An extremely rare copper coin of Tipu from his Patan dated in Mauludi era 1222 AM.

The name of his calendar written observe ''Maulud e Muhammad''. A clever move from Tipu which avoided the opposition of clerics which Akbar had to face.

Img: Author's personal collection.

Where the Illahi calendar was simple and based on the solar calendar. Tipu’s Mauludi calendar was way more complex and it was not as simple as copying the Kannada calendar for Tipu gave his owns flavor to it and made it as complex if not more as the Panchang itself.

Tipu also adopted the Jovian cycle or Barhaspatya-Maana - the 60 Jovian years based on the zodiac position of the planet Jupiter. Each has a unique name in the Hindu calendar. Also the concept of the intercalary months or Adhika Masa was adopted but unlike the Hindu calendar where these months were added by the Hindus towards the end of the year, Tipu Sultan added them in the beginning (17).

In naming his calendar months and thenames for the 60 years Tipu used the two systems of numeration known as Abjad and Abtath. In both these systems the 28 letters of the Arabic alphabet are given a numeral value, this system was originally used for the Hebrew letters (18).

One can refer to the Geo P Taylor book Coins of Tipu Sultan to understand his calendar in detail. As the book was published in 1914 it is no longer under copyright and I have added the section on his calendar here for those who are interested to learn and study his calendar in detail (19).

Tipu's Calendar Taylor
Download PDF • 4.31MB

Other notable references to study his calendar are Select Letters of Tipu Sultan to various Public Functionaries by William Kirkpatrick , Coins of Tipu Sultan by William Marsden both Tipu's contemporaries and Dawn of a new Era: Tipu Sultan and his Mauludi Calendar by Nidhin Olikara (20) (21) (22) .

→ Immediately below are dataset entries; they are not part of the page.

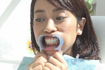 開口器(マウスオープナー)を装着し、歯の表面の水分を取り除きます。
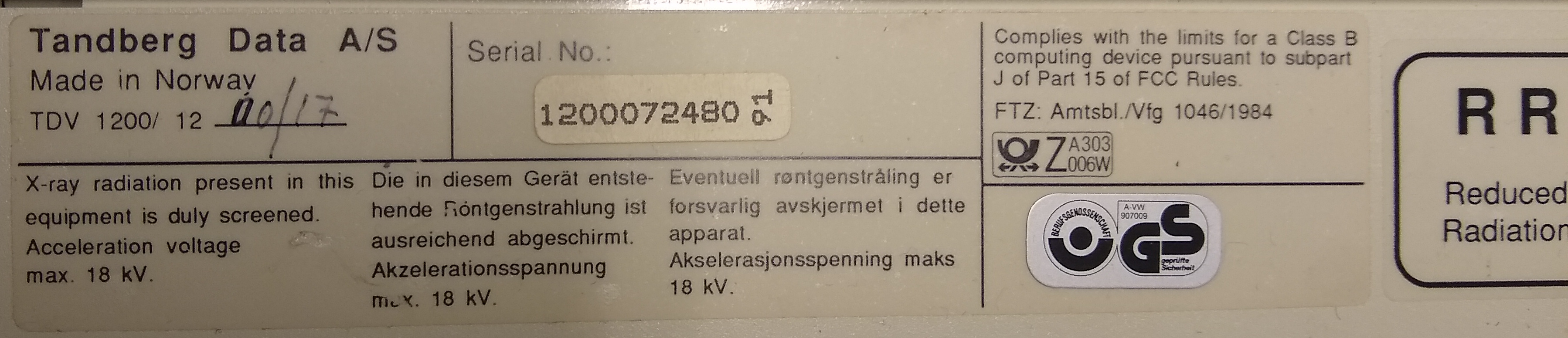 Tandberg TDV 1200 terminal - underside label - picture 2.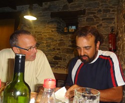 Poco antes de terminar el almuerzo se presentó en la posada un chico alto con barba, con visibles muestras de cansancio y se sentó en la mesa de al lado. Era Sergio, un pescadero catalán, de Sabadell, de origen murciano, que por su gracia podría haber sido andaluz, de Cádiz. Enseguida entablamos conversación con él y pronto congeniamos. Hacía el Camino por una promesa que había hecho tras una enfermedad muy grave de la que había salido recientemente su madre. La seriedad de su motivación y de su rostro al referirnos sus recuerdos, así como los padecimientos de su recorrido comenzado tres semanas atrás en Roncesvalles en la frontera francesa, contrastaba con el alegre espíritu con que enfrentaba el Camino y la propia vida. Aunque ya habíamos terminado de comer, lo acompañamos un rato muy divertido hasta que nos fuimos a echarnos un rato en la cama, que era lo que nos pedía a voces nuestro cuerpo.

One can also look at the comparison of Tipu’s Mauludi Calendar with the Kannada Calendar from the following link (23) :

Tipu preferred the use of the Mauludi calendar over the Hijri calendar as can be seen with the with his correspondence , the replacement of Hijri era with the Mauludi era on his coinage, his official instructions, even recording his DOB in the Mauludi era instead of the Hijri era, interestingly his DOB is recorded incorrectly in the Hijri era as recently discovered by research scholar Nidhin Olikara who is in the process of shortly presenting an important paper on this (24).

Interestingly the letters written by Tipu Sultan to the then Shankaracharya Sri Sacchidananda Bharati III (1770 – 1814) of Sringeri Mutt have both the Kannada and the Mauludi dates written on them (25).

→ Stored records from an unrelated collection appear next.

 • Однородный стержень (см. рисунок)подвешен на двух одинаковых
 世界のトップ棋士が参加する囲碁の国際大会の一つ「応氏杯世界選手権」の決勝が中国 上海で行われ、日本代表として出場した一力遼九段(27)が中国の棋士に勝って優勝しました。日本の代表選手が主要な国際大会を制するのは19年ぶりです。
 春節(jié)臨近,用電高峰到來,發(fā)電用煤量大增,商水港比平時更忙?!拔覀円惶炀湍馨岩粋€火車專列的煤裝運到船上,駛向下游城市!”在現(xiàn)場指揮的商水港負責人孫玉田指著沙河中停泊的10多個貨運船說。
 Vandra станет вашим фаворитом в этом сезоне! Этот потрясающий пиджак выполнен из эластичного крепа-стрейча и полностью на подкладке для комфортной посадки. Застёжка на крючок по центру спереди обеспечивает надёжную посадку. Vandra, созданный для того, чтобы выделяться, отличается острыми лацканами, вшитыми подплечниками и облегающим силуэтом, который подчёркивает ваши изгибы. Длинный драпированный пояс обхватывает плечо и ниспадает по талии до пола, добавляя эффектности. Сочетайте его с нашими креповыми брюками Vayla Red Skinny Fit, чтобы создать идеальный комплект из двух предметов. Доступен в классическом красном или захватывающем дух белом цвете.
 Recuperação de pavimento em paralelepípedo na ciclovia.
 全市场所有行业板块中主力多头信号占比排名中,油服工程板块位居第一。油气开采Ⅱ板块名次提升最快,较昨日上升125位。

A letter of Tipu Sultan to the Shankaracharya, the late Dr. A . K Shastry discovered over 3 dozen of these letters written by Tipu in the possession of the Mutt. His royal emblem with the word 'Bismillah' written inside the Sun.

The reason for this preference apart from the aforementioned reasons was that Tipu had very well understood the working of the Hindu calendar from which he had invented his Mauludi calendar – he not only knew about the astronomical movements of the stars but also the corresponding astrological significance behind the position of the stars – this is very well elucidated in the Persian stone plaque found during the excavation work at the time of the construction of the KRS dam which was the brainchild of Tipu (26) and is now put up at the entrance of the dam.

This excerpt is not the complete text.